A large number of proteases have been implicated in the catabolism of Aβ, but of these neprilysin (NEP, EC 3.4.24.11) and insulin-degrading enzyme (IDE, EC 3.4.22.11) are the most studied (Eckman and Eckman, 2005, Selkoe, 2001, Turner et al., 2004). NEP is a membrane-bound zinc-metallopeptidase that exists as an ectoenzyme preferentially hydrolysing extracellular oligopeptides on the amino side of hydrophobic residues (Carson and Turner, 2002). NEP has been shown by numerous investigators to be capable of degrading Aβ both in vivo (Iwata et al., 2004) and in vitro (Howell et al., 1995, Kanemitsu et al., 2003, Liu et al., 2007, Shirotani et al., 2001), and its physiologic role has been demonstrated by the finding that genetic ablation of NEP causes elevation of endogenous Aβ (Iwata et al., 2001), whereas transgenic or viral expression of NEP causes a lowering of cerebral Aβ (El-Amouri et al., 2007, Hemming et al., 2007, Iwata et al., 2004, Leissring et al., 2003, Marr et al., 2003). IDE is a zinc-metalloprotease which shows no obvious primary amino acid sequence specificity but has been proposed to recognize a conformation that is prone to conversion to β-sheet structure (Kurochkin, 1998). As with NEP, support for the physiological importance of IDE in regulating Aβ levels comes from the findings that genetic deletion of IDE in mice (Farris et al., 2003, Miller et al., 2003) leads to elevated levels of cerebral Aβ, whereas transgenic over-expression of IDE causes a decrease in brain Aβ levels (Leissring et al., 2003). Unlike NEP and IDE, plasmin (EC 3.4.21.7) does not appear to contribute significantly to the normal catabolism of Aβ (Tucker et al., 2004), but rather seems to play a role in the diseased brain. Plasmin is a serine protease that is produced from its inactive precursor, plasminogen, by the action of tissue-type plasminogen activator (tPA), and mice lacking either tPA or plasminogen clear injected Aβ much less well than wild type mice (Melchor et al., 2003). Moreover, recent studies indicate that high levels of Aβ cause a decrease in tPA activity suggesting that excessive accumulation of Aβ results, in part, due to a loss of plasmin (Cacquevel et al., 2007).
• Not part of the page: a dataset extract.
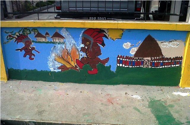 The Ministry of Amerindian Affairs, at the corner of Quamina and Thomas streets in Georgetown, was artistically highlighted September 22 by children who came out in their numbers from various parts of the country, to paint their interpretation of Amerindian Heritage Month’s theme, ‘Embracing our Identity, Celebrating our Culture’ on its fence.

In order to investigate the possibility that intra-Aβ mutations mediate their effect through a common pathogenic mechanism, namely resistance to proteolysis, we examined the ability of NEP, IDE and plasmin to degrade both wild type (wt) Aβ(1–40) and Aβ(1–40) bearing disease-associated single amino acid substitutions (Fig. 1). Here we show that the ability of these proteases to degrade Aβ is strongly retarded by aggregation but that when Aβ peptides are presented in their unaggregated, monomeric state, they are efficiently degraded by NEP, IDE and plasmin, with one exception. The Aβ(1–40)A21G peptide is degraded more slowly by NEP than wt Aβ(1–40) or any of the other mutant peptides studied. This resistance to NEP-mediated proteolysis may represent one mechanism by which the A21G mutation causes increased cerebral accumulation of Aβ. On the other hand, our data suggest that resistance to proteolysis by the major known Aβ-degrading enzymes cannot explain the effects of the other four disease-associated intra-Aβ mutations.